SOURCE DATA:

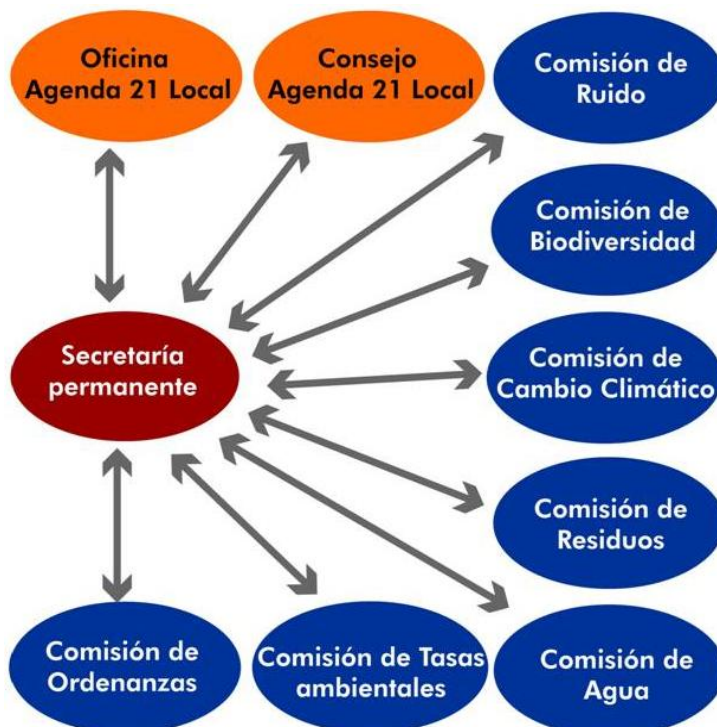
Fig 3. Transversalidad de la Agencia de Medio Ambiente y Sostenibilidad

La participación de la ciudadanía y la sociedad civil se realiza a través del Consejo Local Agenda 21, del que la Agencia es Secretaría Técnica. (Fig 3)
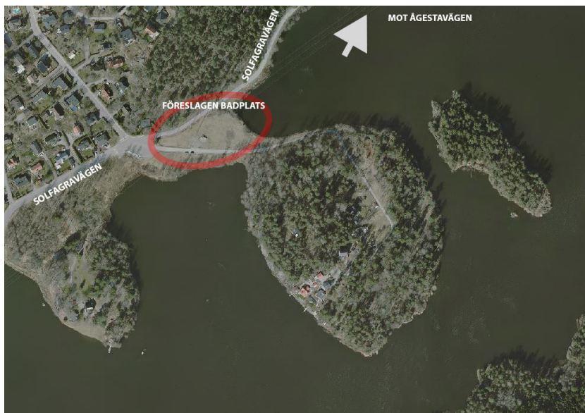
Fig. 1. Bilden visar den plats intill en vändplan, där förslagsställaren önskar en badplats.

WORK TO COMPLETE: The answer must be an exact copy of the lines from the one that holds "La participación de" through the end of the data, both included, with no pictures.

ANSWER TO THIS EXERCISE:
La participación de la ciudadanía y la sociedad civil se realiza a través del Consejo Local Agenda 21, del que la Agencia es Secretaría Técnica. (Fig 3)
Fig. 1. Bilden visar den plats intill en vändplan, där förslagsställaren önskar en badplats.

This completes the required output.